* [EXERCISE BRIEF]:
An exact copy of the lines, starting at the top of the listing and ending with the line that has "醫(yī)生介紹:柳暉醫(y", is the required answer. Pictures are not part of it.

========

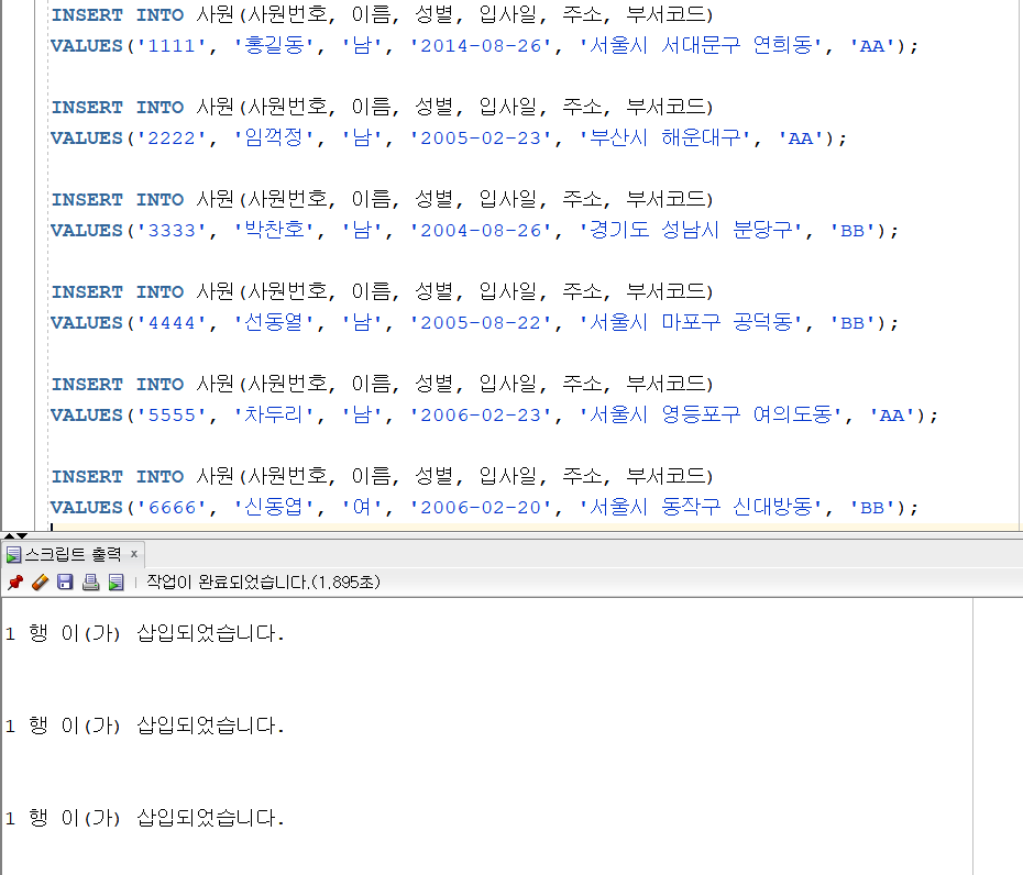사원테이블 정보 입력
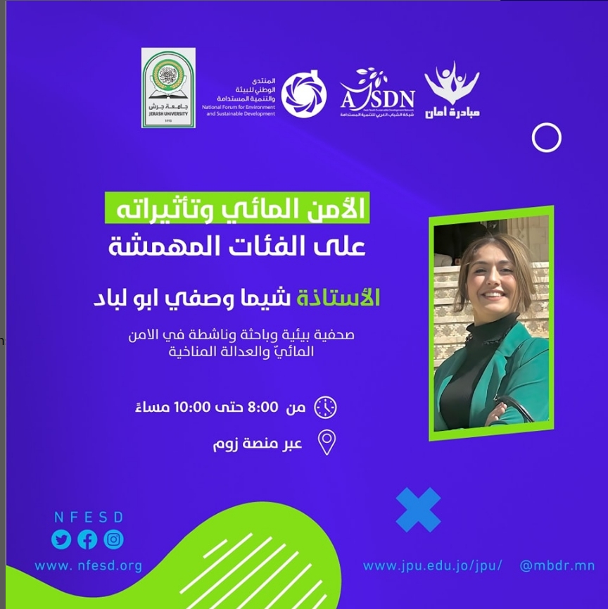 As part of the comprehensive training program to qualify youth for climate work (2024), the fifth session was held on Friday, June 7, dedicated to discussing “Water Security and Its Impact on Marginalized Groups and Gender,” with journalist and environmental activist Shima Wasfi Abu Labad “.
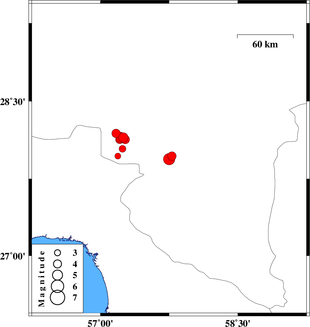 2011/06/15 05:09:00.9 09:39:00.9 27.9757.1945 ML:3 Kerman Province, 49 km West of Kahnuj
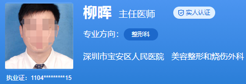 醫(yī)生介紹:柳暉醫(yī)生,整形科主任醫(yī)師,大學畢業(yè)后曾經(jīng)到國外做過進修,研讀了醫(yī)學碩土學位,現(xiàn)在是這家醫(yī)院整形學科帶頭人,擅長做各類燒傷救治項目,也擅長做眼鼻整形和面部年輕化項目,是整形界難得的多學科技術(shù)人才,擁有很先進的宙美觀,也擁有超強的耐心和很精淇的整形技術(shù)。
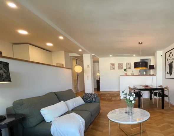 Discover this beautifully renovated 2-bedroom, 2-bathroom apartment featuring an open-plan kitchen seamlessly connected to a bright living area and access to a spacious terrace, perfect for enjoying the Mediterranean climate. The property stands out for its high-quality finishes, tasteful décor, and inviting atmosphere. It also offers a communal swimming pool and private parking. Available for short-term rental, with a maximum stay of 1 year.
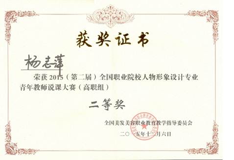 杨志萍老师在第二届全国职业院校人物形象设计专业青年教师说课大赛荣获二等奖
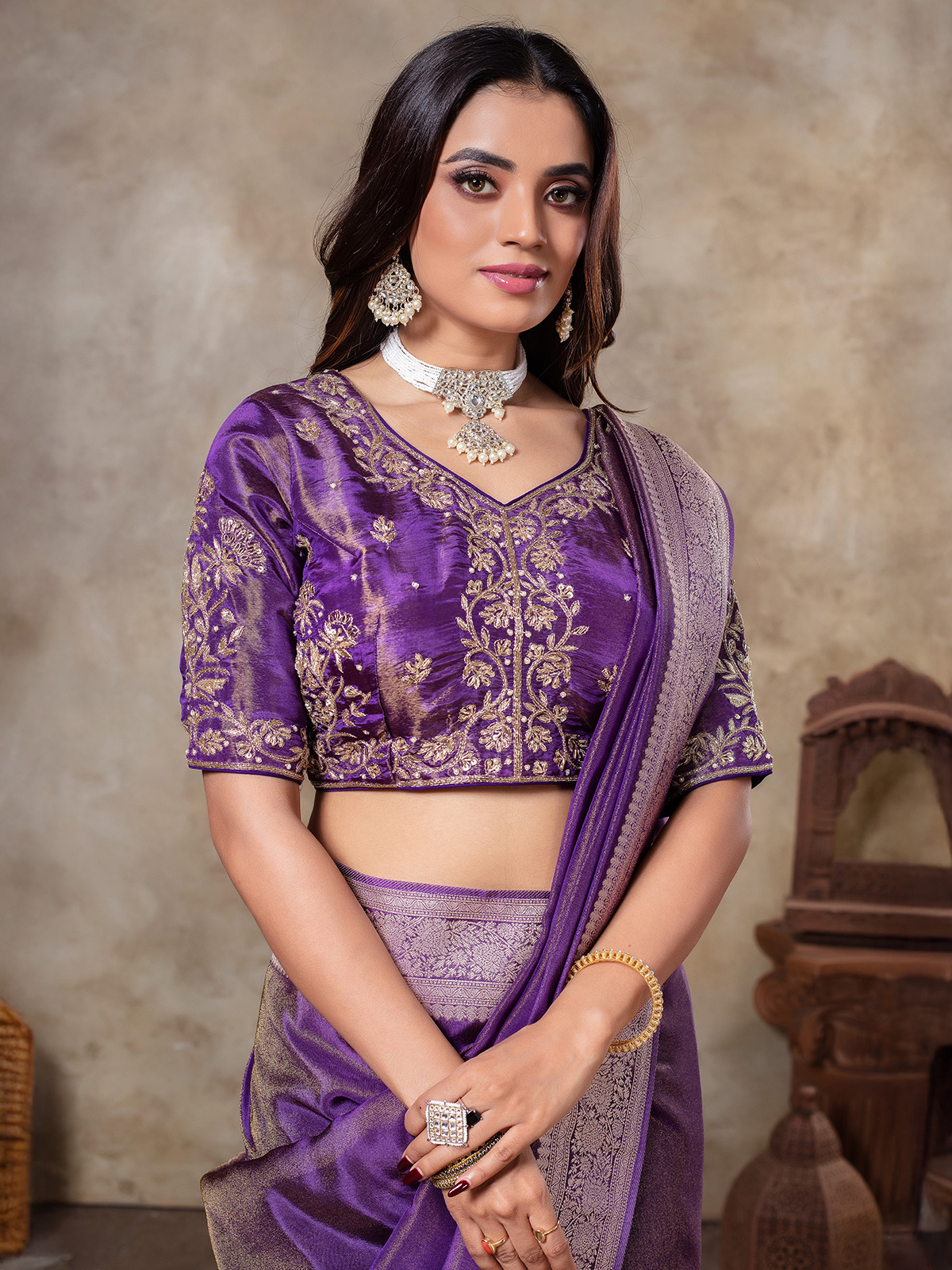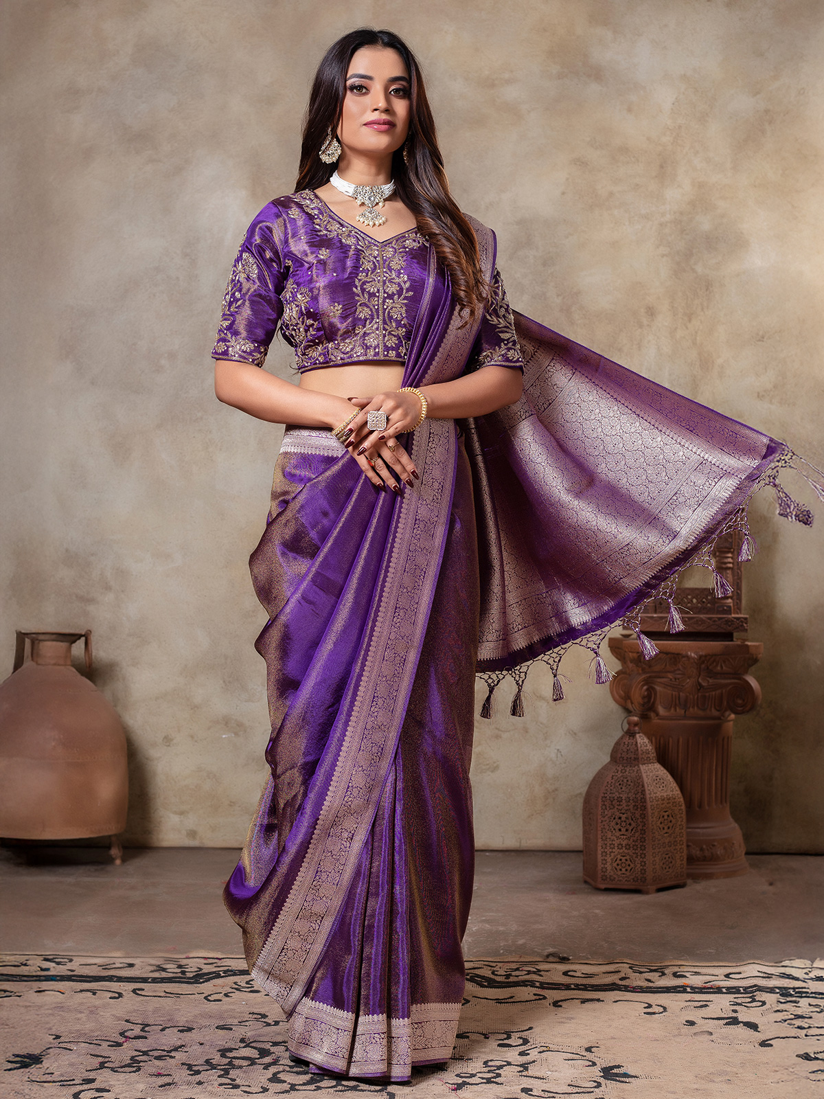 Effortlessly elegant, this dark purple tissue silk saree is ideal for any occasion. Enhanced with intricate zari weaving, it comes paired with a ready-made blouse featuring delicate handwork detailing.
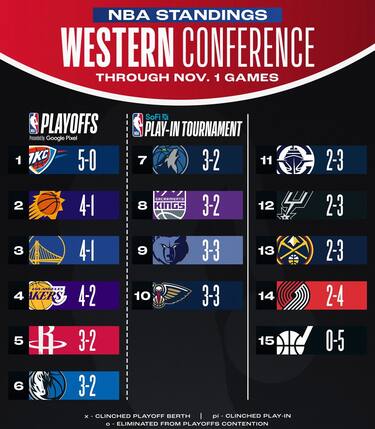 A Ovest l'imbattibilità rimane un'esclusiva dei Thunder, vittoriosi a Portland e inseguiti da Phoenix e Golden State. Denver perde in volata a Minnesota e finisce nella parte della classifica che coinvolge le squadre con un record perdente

========

* [ANSWER SECTION]:
사원테이블 정보 입력
 As part of the comprehensive training program to qualify youth for climate work (2024), the fifth session was held on Friday, June 7, dedicated to discussing “Water Security and Its Impact on Marginalized Groups and Gender,” with journalist and environmental activist Shima Wasfi Abu Labad “.
 2011/06/15 05:09:00.9 09:39:00.9 27.9757.1945 ML:3 Kerman Province, 49 km West of Kahnuj
 醫(yī)生介紹:柳暉醫(yī)生,整形科主任醫(yī)師,大學畢業(yè)后曾經(jīng)到國外做過進修,研讀了醫(yī)學碩土學位,現(xiàn)在是這家醫(yī)院整形學科帶頭人,擅長做各類燒傷救治項目,也擅長做眼鼻整形和面部年輕化項目,是整形界難得的多學科技術(shù)人才,擁有很先進的宙美觀,也擁有超強的耐心和很精淇的整形技術(shù)。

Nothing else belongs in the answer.